##### Source information #####

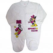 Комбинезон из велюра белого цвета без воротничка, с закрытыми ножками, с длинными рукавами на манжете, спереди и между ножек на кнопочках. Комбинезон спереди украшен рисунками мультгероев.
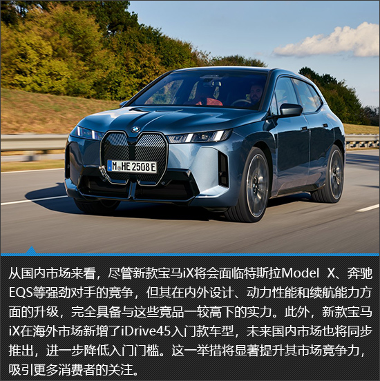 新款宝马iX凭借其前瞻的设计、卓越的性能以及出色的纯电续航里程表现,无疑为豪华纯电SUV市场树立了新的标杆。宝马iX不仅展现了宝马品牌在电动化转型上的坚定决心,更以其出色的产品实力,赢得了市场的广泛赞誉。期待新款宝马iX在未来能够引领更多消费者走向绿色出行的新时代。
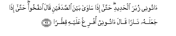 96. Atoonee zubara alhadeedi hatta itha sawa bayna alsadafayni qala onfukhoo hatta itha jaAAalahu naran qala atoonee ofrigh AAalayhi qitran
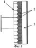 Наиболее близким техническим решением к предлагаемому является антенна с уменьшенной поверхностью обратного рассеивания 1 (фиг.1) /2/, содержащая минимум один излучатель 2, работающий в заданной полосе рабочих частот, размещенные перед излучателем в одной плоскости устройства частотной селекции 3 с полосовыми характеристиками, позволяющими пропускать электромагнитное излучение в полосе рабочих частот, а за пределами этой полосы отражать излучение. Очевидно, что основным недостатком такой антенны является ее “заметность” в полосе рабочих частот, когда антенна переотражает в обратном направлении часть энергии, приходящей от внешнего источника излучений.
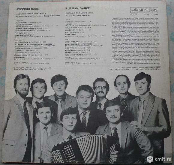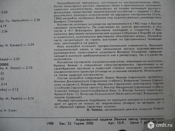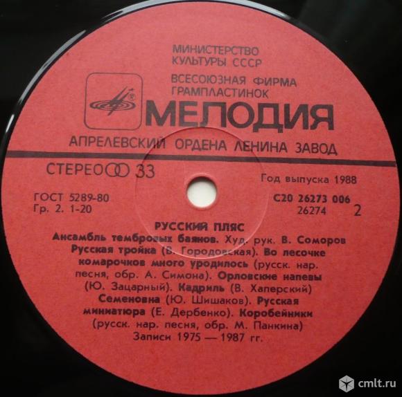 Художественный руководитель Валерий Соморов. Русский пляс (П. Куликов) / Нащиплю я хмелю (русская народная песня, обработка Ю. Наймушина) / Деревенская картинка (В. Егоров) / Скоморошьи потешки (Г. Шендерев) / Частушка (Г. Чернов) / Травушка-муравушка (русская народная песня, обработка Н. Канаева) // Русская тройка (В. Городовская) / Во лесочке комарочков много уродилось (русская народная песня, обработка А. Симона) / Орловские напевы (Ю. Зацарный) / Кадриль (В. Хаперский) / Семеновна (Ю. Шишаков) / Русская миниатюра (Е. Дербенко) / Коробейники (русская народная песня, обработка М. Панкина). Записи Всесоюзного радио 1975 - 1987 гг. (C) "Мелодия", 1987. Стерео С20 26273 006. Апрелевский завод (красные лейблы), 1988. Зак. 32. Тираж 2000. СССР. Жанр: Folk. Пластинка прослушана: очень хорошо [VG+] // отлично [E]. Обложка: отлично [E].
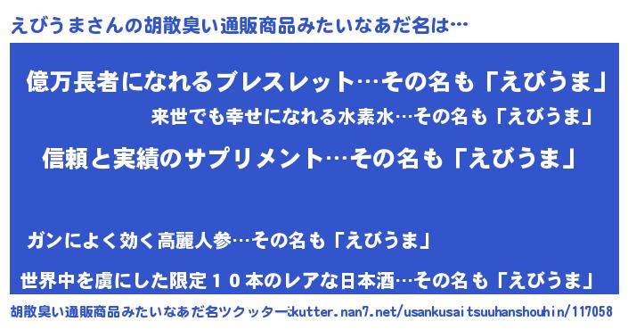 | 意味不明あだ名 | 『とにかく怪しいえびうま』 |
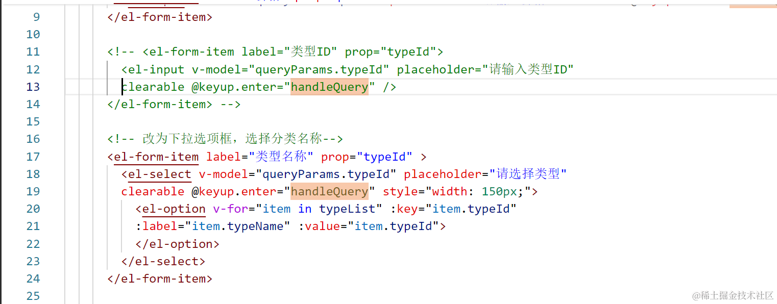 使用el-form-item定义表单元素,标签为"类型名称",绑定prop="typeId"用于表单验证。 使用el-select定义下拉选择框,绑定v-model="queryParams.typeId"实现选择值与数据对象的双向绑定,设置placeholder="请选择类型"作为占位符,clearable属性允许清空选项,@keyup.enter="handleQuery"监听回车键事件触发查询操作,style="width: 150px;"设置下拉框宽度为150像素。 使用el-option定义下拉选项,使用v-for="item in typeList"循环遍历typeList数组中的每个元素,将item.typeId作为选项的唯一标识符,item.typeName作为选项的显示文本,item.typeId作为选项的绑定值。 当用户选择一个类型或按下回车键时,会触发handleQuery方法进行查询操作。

#####
##### Source information #####

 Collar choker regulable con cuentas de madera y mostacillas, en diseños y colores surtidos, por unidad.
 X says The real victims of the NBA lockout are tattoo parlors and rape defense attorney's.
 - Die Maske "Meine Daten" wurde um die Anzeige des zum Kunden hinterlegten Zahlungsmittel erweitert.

#####
##### Source information #####

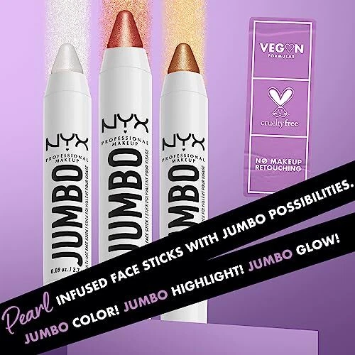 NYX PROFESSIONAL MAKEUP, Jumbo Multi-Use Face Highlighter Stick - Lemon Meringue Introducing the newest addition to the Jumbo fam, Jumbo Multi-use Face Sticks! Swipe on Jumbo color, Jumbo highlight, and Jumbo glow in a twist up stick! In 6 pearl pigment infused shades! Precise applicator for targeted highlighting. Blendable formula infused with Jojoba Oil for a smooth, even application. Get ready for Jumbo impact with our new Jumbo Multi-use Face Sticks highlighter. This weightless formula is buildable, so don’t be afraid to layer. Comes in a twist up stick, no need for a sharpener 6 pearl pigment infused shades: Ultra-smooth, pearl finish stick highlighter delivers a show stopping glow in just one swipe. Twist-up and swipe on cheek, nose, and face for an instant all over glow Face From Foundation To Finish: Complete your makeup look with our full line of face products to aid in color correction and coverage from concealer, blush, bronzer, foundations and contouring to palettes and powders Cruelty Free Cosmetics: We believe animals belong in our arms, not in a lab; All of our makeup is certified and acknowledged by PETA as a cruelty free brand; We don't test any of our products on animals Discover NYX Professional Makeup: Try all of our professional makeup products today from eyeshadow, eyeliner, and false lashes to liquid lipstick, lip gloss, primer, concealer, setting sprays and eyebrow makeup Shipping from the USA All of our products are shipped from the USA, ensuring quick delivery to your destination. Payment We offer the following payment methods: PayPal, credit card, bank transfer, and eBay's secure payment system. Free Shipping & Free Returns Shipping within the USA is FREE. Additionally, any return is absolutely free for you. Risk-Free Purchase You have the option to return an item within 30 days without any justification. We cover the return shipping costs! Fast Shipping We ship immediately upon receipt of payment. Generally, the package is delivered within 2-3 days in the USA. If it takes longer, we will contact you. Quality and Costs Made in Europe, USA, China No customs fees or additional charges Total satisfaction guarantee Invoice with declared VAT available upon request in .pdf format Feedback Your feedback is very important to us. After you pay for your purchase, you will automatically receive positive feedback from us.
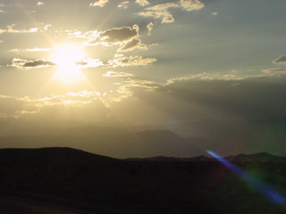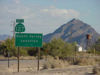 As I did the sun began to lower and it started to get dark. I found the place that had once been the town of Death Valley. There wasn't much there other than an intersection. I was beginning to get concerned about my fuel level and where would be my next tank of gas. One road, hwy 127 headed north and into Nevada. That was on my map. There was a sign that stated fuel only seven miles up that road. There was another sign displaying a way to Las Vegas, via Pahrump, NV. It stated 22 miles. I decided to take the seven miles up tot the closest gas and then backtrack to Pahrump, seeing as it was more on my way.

#####

What is being asked. In the material above, which lines fall between the one holding "新款宝马iX凭借其前瞻的设计" and the one holding "96. Atoonee zubara", inclusive? Print exactly those, with the pictures left out.

Exercise output.
 新款宝马iX凭借其前瞻的设计、卓越的性能以及出色的纯电续航里程表现,无疑为豪华纯电SUV市场树立了新的标杆。宝马iX不仅展现了宝马品牌在电动化转型上的坚定决心,更以其出色的产品实力,赢得了市场的广泛赞誉。期待新款宝马iX在未来能够引领更多消费者走向绿色出行的新时代。
 96. Atoonee zubara alhadeedi hatta itha sawa bayna alsadafayni qala onfukhoo hatta itha jaAAalahu naran qala atoonee ofrigh AAalayhi qitran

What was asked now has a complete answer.